There was a long silence. “This is a time,” Gage said, “when our base expects action.”
“From whom? George Armstrong Custer?” Chad felt his anxiety rising. “There are four m
ore days of hearings, Mac. Show me something, and I’ll reconsider. But yesterday was a disaster.”
Conversation ended, Gage slowly put down the phone.
“Well?” Taylor asked.
Gage looked into his colleague’s face—the hammered cheekbones, the frontier squint of his eyes—and briefly wished, despite, his frustration with Palmer, that he did not have to answer.
“We’ll have to see,” he said at length. “But it’s time to squeeze Kate Jarman. I don’t think Palmer’s going for it.”
Four days later, after chairing a virtual colloquium by law professors and ethicists on the legal definition of perjury, Chad Palmer summoned the Republicans on Judiciary to his office. Kate Jarman, he noted, sat as far from Harshman as possible.
Quickly, Chad surveyed the others: Jim Lambert of Alabama, dark, sleek, and guarded; the shrewd and amiable Cotter Ryan of Indiana; Jerry Deane of Georgia, looking, as always, red-faced and short of breath; Frank Fasano of Pennsylvania—young, ambitious, and wholly without humor; Bill Fitzgerald of Florida, chewing gum in his perennial fight against nicotine addiction; Dave Ruckles of Oklahoma, mean as a snake, with the sincere voice and constant eye contact of an evangelist or a stockbroker; Madison Starkweather of Mississippi, eighty-five and running on fumes and staff assistance, who had yielded the committee chairmanship in preparation for death. Somehow, Chad reflected, people elect us all—a truism he tried to remember in his unceasing fight with his own impatience.

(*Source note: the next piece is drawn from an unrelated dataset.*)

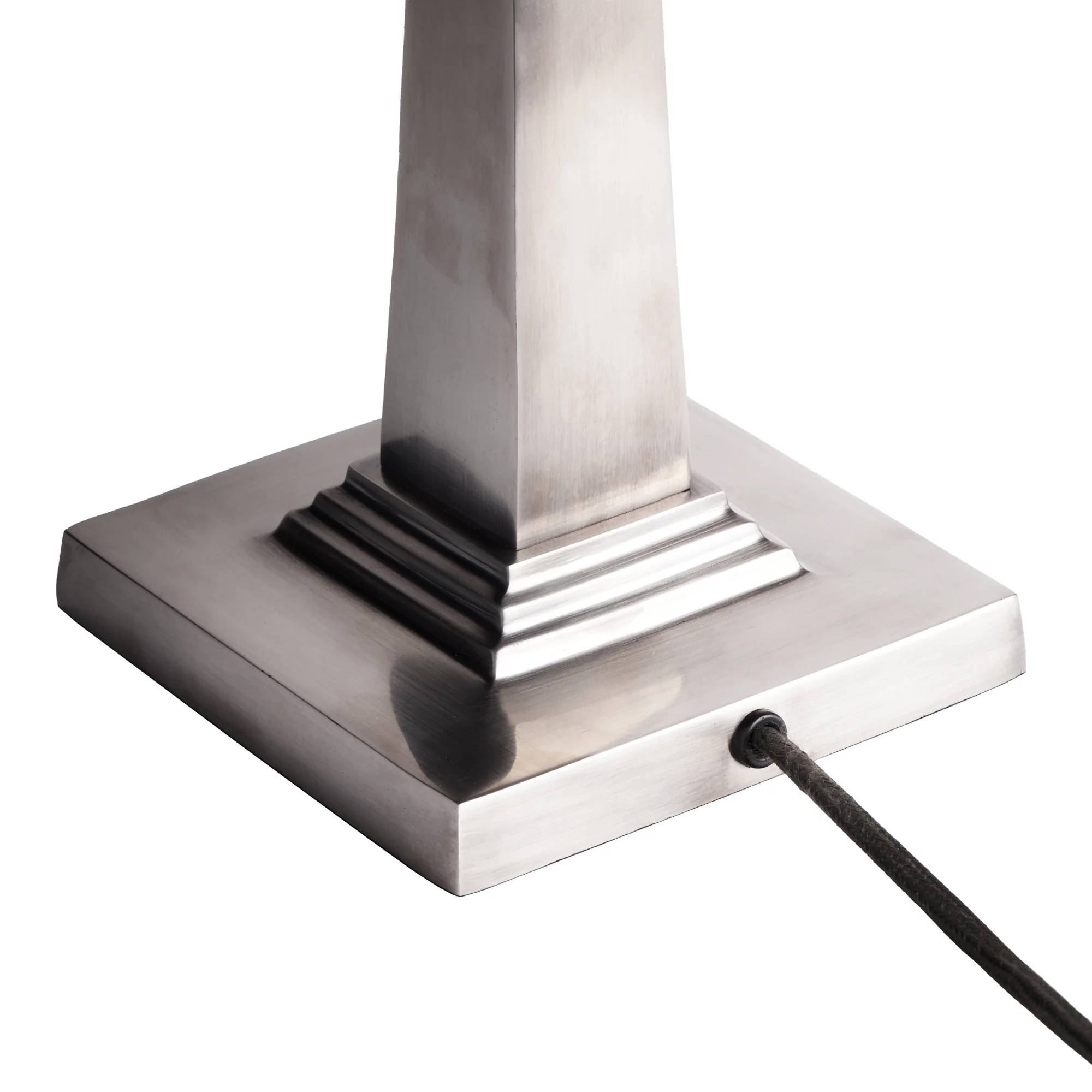 No, this does not look like exactly like a middle eastern Ziggurat temple, but the angled stepped base gives a suggestion of it. Most elegant and pleasing in its design, this lamp is at home pretty much anywhere.

“Here we are,” Chad began. “We vote Monday, and the Supreme Court has yet to rule in the Tierney case. So we know all we’re going to know before we’re forced to take a stand.”
“We know plenty,” Paul Harshman said promptly. “This woman lied; she has a history of promiscuity and God knows what; the trial lawyers have purchased her at auction; her ethics are in question; and she has now acknowledged a radical pro-abortion agenda. She doesn’t belong on the Court.”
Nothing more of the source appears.